Plants infected with phytoplasma usually undergo a series of physiological and biochemical changes at the cellular and molecular levels. Previous study about changes on proteins profile in P. tomentosa challenged with phytoplasma have been analyzed (6). However, the molecular mechanism of PaWB remains unclear. To identify key proteins involved in PaWB, we compared a previously reported proteome of phytoplasma-infected Paulownia with the data set obtained in this study. The results showed that more PaWB-related proteins were identified in this study than the research conducted by Cao et al. (6), and that the overlap was relatively low between our proteome data and previous data set. These conclusions are not surprising. First, the experimental designs differed between two studies. In the previous study, different concentrations of MMS were used to treat PIS and only one concentration of MMS was used to screen proteins related to PaWB in the present study. Second, the technological progress of mass spectrometry, peptide affinity enrichment, and labeling method may also be reasons for more proteins being identified in this study. Also, we conducted the present study based on the reference genome, which might be more accurate for gene identification. Nevertheless, further comparative analysis showed that many of the PaWB-related proteins identified in the two studies were involved in photosynthesis, which may explain the yellowing leaves and low photosynthetic rate of phytoplasma-infected seedlings.

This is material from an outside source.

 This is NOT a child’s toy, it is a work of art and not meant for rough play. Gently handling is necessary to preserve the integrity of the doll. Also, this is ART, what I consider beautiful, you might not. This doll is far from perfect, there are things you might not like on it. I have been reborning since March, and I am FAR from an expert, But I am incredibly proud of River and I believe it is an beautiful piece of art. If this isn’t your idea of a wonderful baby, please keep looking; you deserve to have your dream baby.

Protein acetylation can modulate the cellular metabolic status by affecting enzyme activity or protein function has been well known in pathogen-infected plants (10, 55). In phytoplasma-infected plants, several key enzymes that are involved in lower photosynthetic rate and decreased forest production have been reported, for instance, RuBisCO participating in starch biosynthesis (31, 56). However, the question of what modulates this enzyme status and whether protein actelyation has a crucial role in this process is still unclear. In this study, we found acetylation on these proteins to be a major reason by using acetylproteomes and site-directed mutagenesis analysis. Based on the results of the previous study and the current study, a model was proposed to elucidate the occurence of yellowing leaves and stunted growth (Fig. 8).

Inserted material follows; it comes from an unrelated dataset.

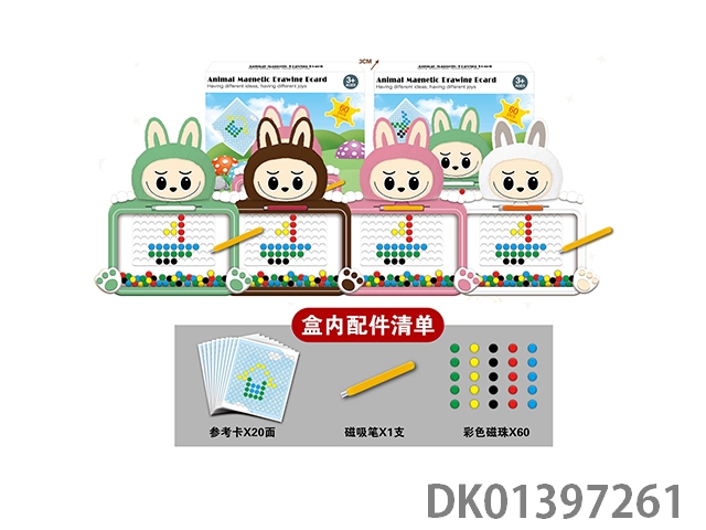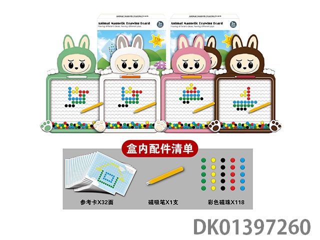 益智动物磁性画板配60粒珠子+磁吸笔+参考卡20片4款混

Fig. 8. — **A model for clarifying the possible molecular mechanism of malformations symptom.**

Stunting is one of the typical symptoms of phytoplasma-infected Paulownia seedlings, which may be the result from the lower Pn and CE. RuBisCO is a critical factor limiting photosynthesis and productivity of many plants (34). The activity of RuBisCO is determined by the conformational changes of itself, which is induced by a AAA+-ATPase enzyme RAC (26). RAC β1-isoform acetylation on K438 may increase RAC and lead to high RuBisCO activity, which co-occurred with increased acetylation level at K474 on the RuBisCO large subunit in Arabidopsis hda14 mutant (26). In contrast to this result, Finkemeier et al. (35) and Gao et al. (27) suggested that the activity of RuBisCO reduced after acetylation modification on a specific site, suggesting acetylation at different sites on RuBisCO might play a vital role in regulating its activity. In this study, the abundance of RuBisCO is not altered at the protein level, whereas the acetylation level increased in phytoplasma-infected Paulownia seedlings. At the same time, neither K474 on the RuBisCO large subunit nor K438 on RAC were detected in this study. Enzymatic assays showed that the activity is natively regulated by lysine acetylation, which is consistent with the result that in phytoplasma-infected plant the activity of RuBisCO is reduced (56). Moreover, we also found the Pn and CE decreased in phytoplasma-infected seedlings compared with those of healthy seedlings (Fig 1C), suggesting that the activity of the photosynthesis is reduced. All these results may lead to a reduced carbohydrate biosynthesis. However, this appears to be inconsistent with the accumulation of starch observed in phytoplasma-infected leaves (Fig 1A). Because callose deposits have been detected in phytoplasma-infected Paulownia (57), and the transcript levels of the gene encoding for β-1,3-glucanase, which degrades callose, were found to be decreased in phytoplasma-infected seedlings (Data not shown). Accumulation of callose in the sieve tube can impede the transport of organic substances, leading to carbohydrate accumulation in the source leaves. Therefore, the source-sink imbalance means that the sink organ cannot obtain enough nutrients, so plant growth and development are affected, which is observed as stunting.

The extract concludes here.